Alas, the valuations for many of the stocks on the leading edge of this revolution—such as Facebook and Netflix—are soaring too (see the chart). At the same time, other high-profile players, like Twitter and Pandora Media, aren’t even profitable yet, which doesn’t exactly give you a margin of safety for investing in tech’s next leap forward.

While the new kids on the tech block may be too rich for value-minded investors, that’s not the case for many of the sector’s older, more established names—companies that were once viewed as cutting edge but have been overlooked for years now. In fact, many of these stocks trade well below their 2000 peaks and are only slightly above where they were before the financial crisis.

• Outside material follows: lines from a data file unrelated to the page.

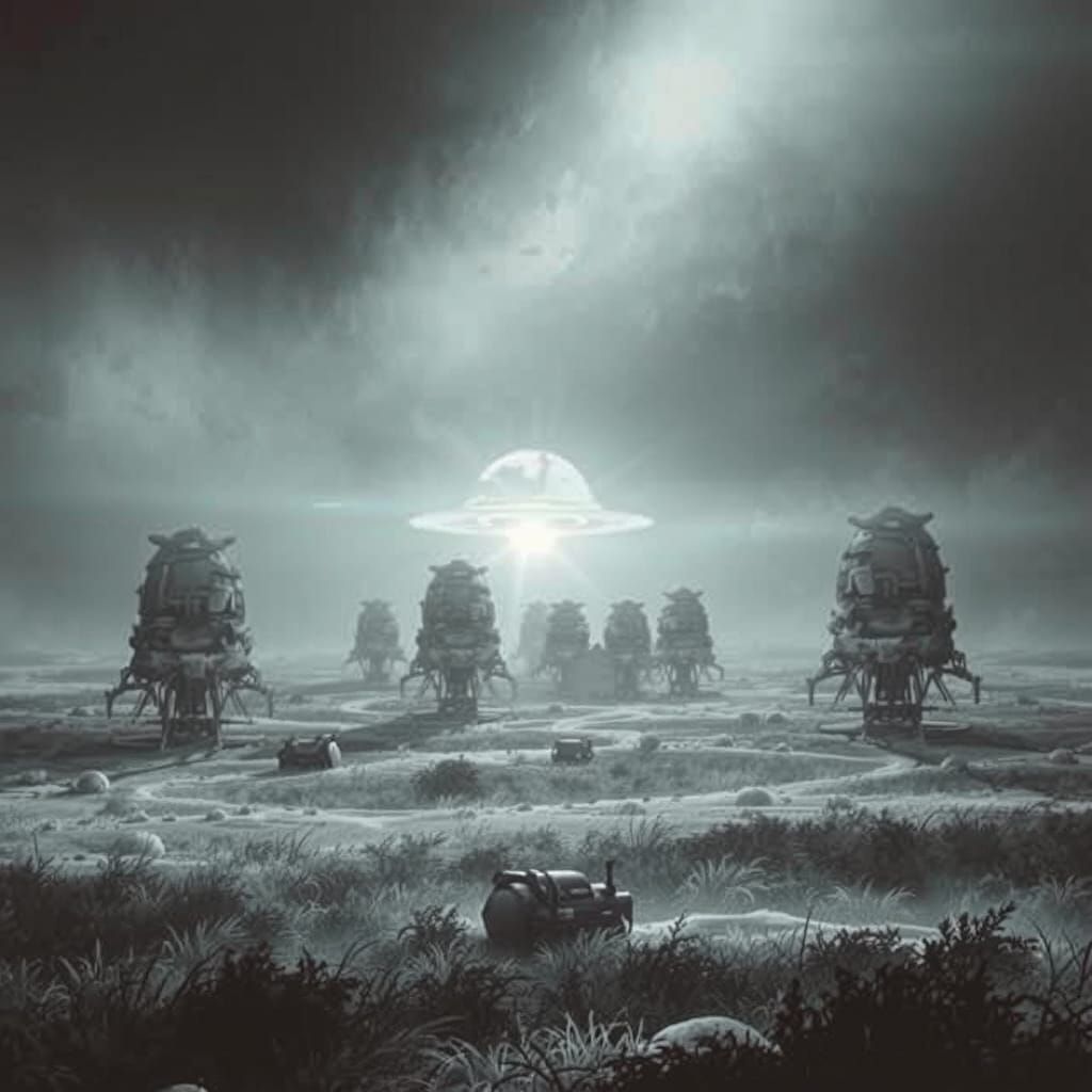This image shows a film set in the UK with a UFO prop being prepared for filming. The scene is dark and atmospheric, in the style of Gustave Doré and Greg Rutkowski.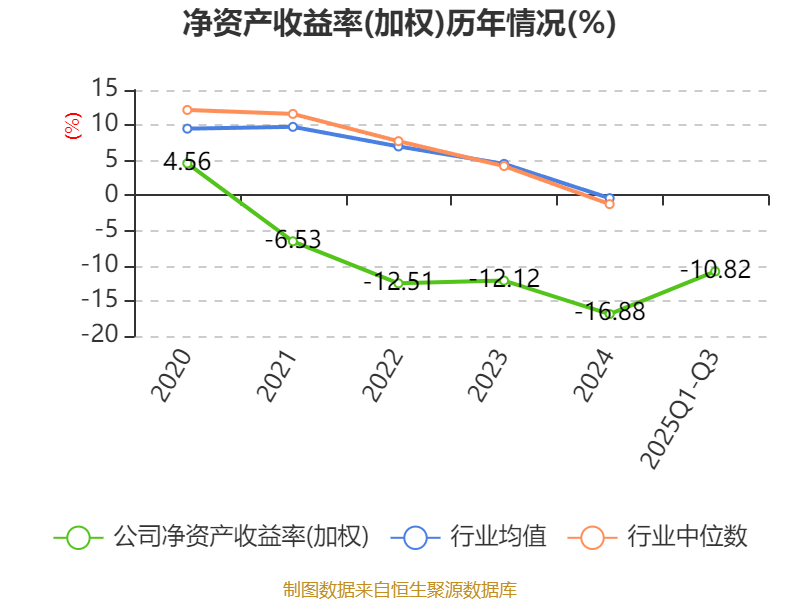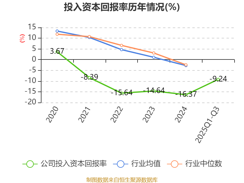 盈利能力方面, 2025年前三季度公司加权平均净资产收益率为-10.82%,同比下降2.37个百分点。公司2025年前三季度投入资本回报率为-9.24%,较上年同期上升0.77个百分点。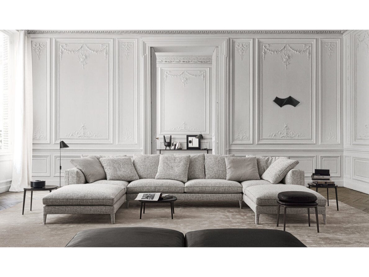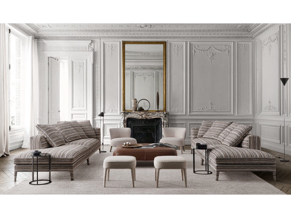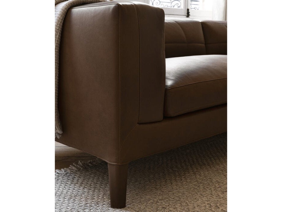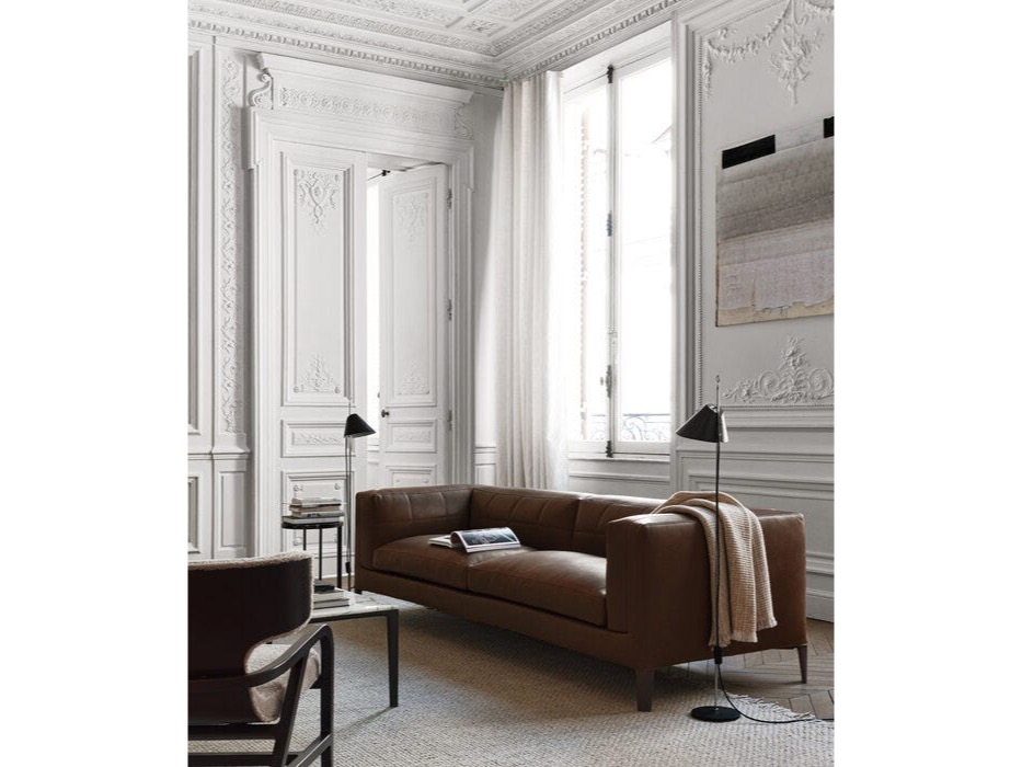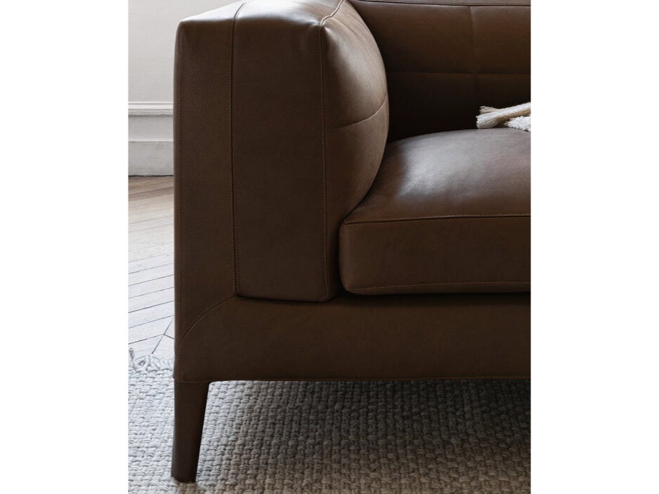 Sofy z bardziej zabudowanym siedziskiem wyróżniają się podłokietnikiem i oparciem, które wyglądają inaczej na części zewnętrznej, gdzie tapicerka jest napięta i na wewnętrznej, gdzie znajduje się pikowanie nawiązujące do klasycznych Chesterfieldów. Z kolei warianty o większej głębi mają rozciągniętą tapicerkę i są wzbogacone miękkimi poduszkami z pierza, które czynią ją jeszcze bardziej wygodną.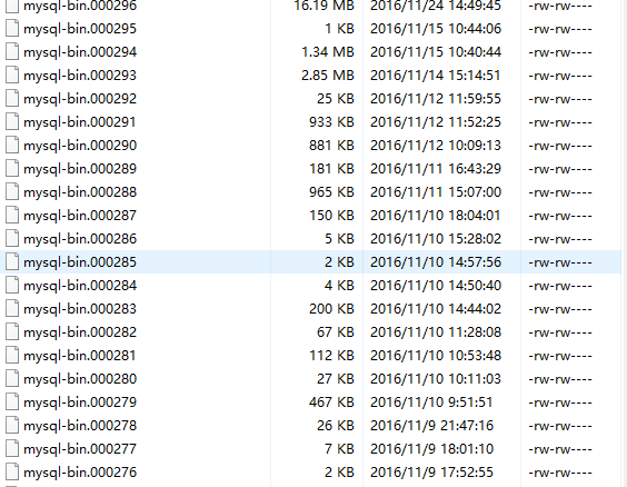 首先,我理解错了binlog的意思,并不是拿着最后的binlog就可以按时间恢复所有的东西,binlog是MySQL的操作记录,它里面储存了MySQL下所有的crud,因此,要恢复哪些天丢失的数据就要把这些天的东西全部找出来像这样,按照binlog的创建时间从服务器上拿
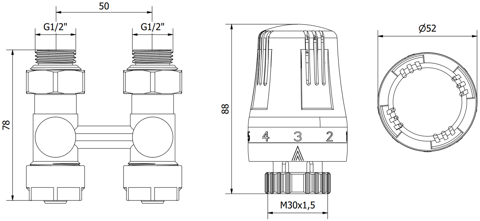 Aansluitdiameter: G 1/2" en PEX 16x2 mm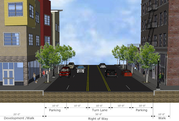 A different conceptual option — the “three-lane design” — drew plenty of support, too. That proposal envisions just one lane of moving traffic in either direction, plus a center turn lane; it would also have two curbside bike lanes buffered from two off-curb parking lanes. With all of those lanes, the overall roadway width would be 62 feet, but just 30 of it drivable — thus wider than the five-lane proposal.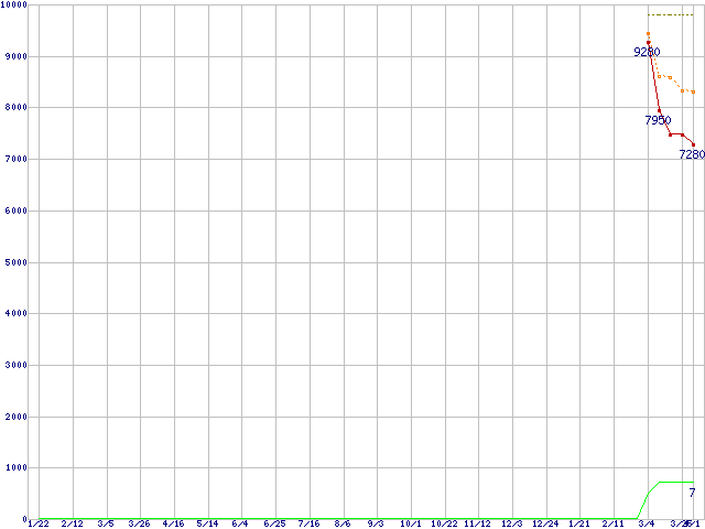 WD10EALS (1TB,32MB)の価格推移↑前グラフ↓次グラフ(2009年1月22日〜2010年4月1日)※このグラフは過去のデータも税率5%相当に調整した税込み相当額のグラフです。 税率変更や、総額表示方式導入(2004年4月)の影響は除いています。●関連グラフHDD/SSD主要製品の最安値推移HDD/SSD主要製品(最安値1万円未満)の最安値推移HDD 1TB〜1.5TB未満の最安値推移WD Caviar Blue (7200rpm,3Gb/s)の最安値推移●凡例最安値(点線部は販売店未確認または未調査)平均値最高値ショップ数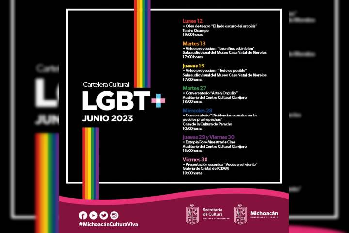 NOTICIAS 05/06/2023Secum da a conocer la cartelera cultural del orgullo 2023 La Secretaría de Cultura de Michoacán (Secum), se une a la visibilización y dignificación de la comunidad LGBTTTIQ+ con una programación de actividades artísticas y culturales de concientización a realizarse en Morelia, Paracho y Zamora.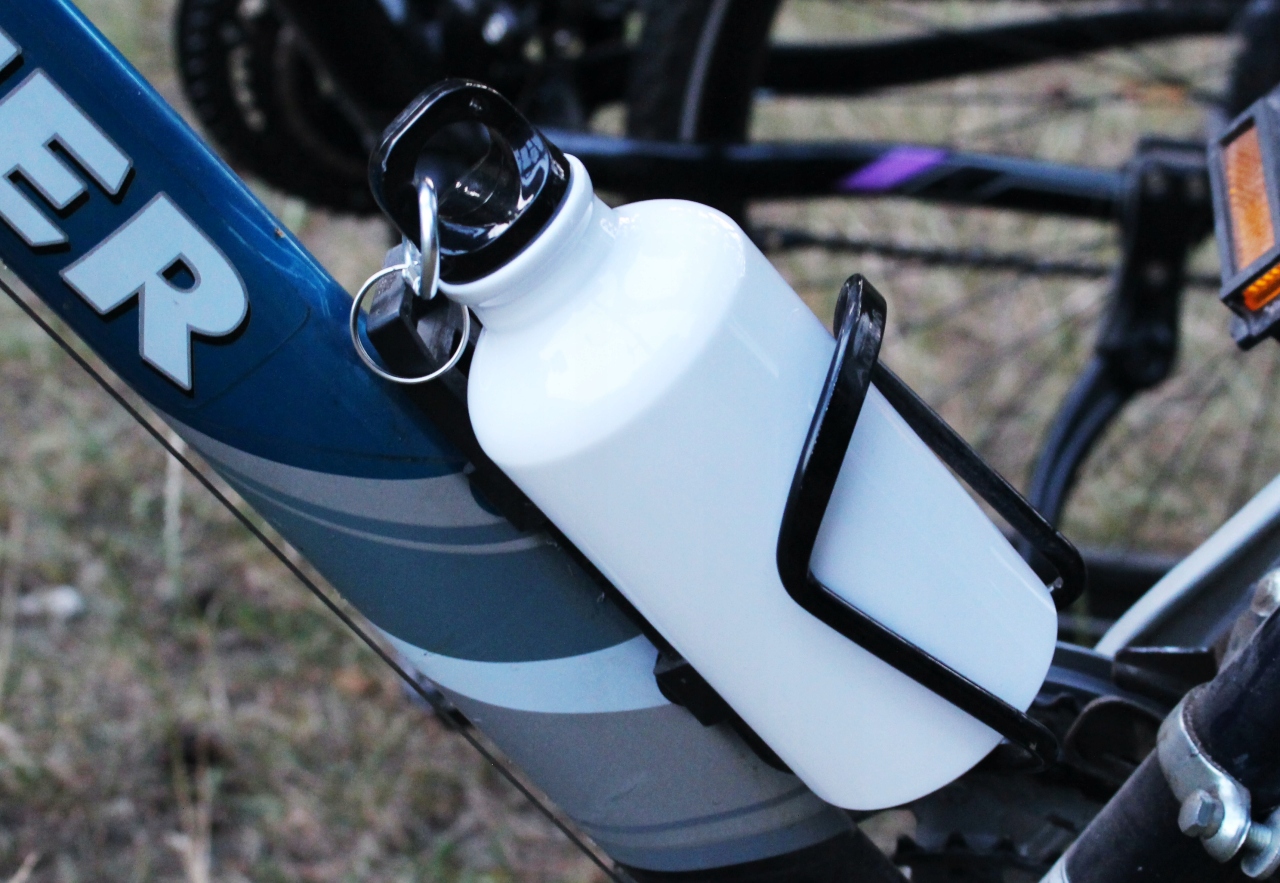 Дополнительным преимуществом является то, что он помещается в клетку для бутылок на велосипеде. Бутылку также можно использовать во время поездки в горы или прогулки.

“We see opportunity in large legacy technology companies,” says Jamie Doyle, a manager at Causeway Capital, which manages more than $30 billion in value portfolios. “Sure, they’ve slowed down from their early days,” Doyle says, “but they are still growing at rates other sectors are envious of.”

But which parts of old tech should you be focusing on?

1) Start With the Toll Takers

The rise of social and streaming media doesn’t benefit just content providers like YouTube, owned by Google, and Facebook’s Instagram. “The unstoppable digitization of everything creates a demand for the companies that provide the physical infrastructure to transmit, store, and manage all that data,” notes Jun Zhu, a senior analyst at the Leuthold Group.

Zhu singles out Internet service providers and infrastructure com-­ panies as the most compelling old-school plays on new tech. They include telecoms like Verizon and AT&T that are the “toll takers” on the Internet highway, running the systems that move and manage data.

ISPs don’t merely collect sub- scription fees from users; they also negotiate interconnect fees from content distributors like Netflix and Apple to ensure fast speeds. As demand grows, ISPs gain leverage to assess bigger tolls.

While telecoms are traditionally slow growers, profits are picking up. Verizon’s earnings, for instance, are expected to grow 8% annually over the next five years, vs. just 3% over the past five, according to Zacks.com.

2) Seek Other Equipment Makers

If the explosion of online traffic benefits Internet service providers, it stands to reason that equipment manufacturers that sell to those ISPs ought to profit too.

While Cisco Systems is only one-fourth as big in stock market value as it was in the late 1990s, it remains the dominant manufacturer of routers and switches used by cable and telecom firms globally. The IT giant enjoys a 50% share of a business with profit margins of around 60%, according to Morningstar. Thanks in part to that business, Cisco’s earnings are expected to grow more than 10% annually for the next three to five years—20% faster than the broad market.

Meanwhile, every time you tweet, stream a high-definition movie, or update your Facebook page, there’s a good chance you’re doing so on a smartphone. Qual­comm is well positioned to benefit from that trend.

In addition to making mobile chips, Qualcomm owns the patents on the technology behind most 3G and 4G networks that smartphones are on, notes Eric Ver­mulm, senior portfolio manager at Stack Financial Management. The royalties the company receives generate two-thirds of its profits. And Qualcomm’s earnings are expected to grow 15% annually.

3) Or Just Buy a Fund

An added benefit of old tech is that it pays you to wait for long-term trends to develop. Verizon and AT&T have long been among the market’s biggest yielders. And they’re among the top five holdings of Technology Select Sector SPDR ETF . Morningstar estimates that the portfolio’s current dividend payouts equate to a nearly 3% annualized yield.

Another plus: The ETF holds tech’s biggest stocks. And as Ver­mulm notes, “at this late stage, large-cap blue chips with solid balance sheets are the sorts of companies we want to own.”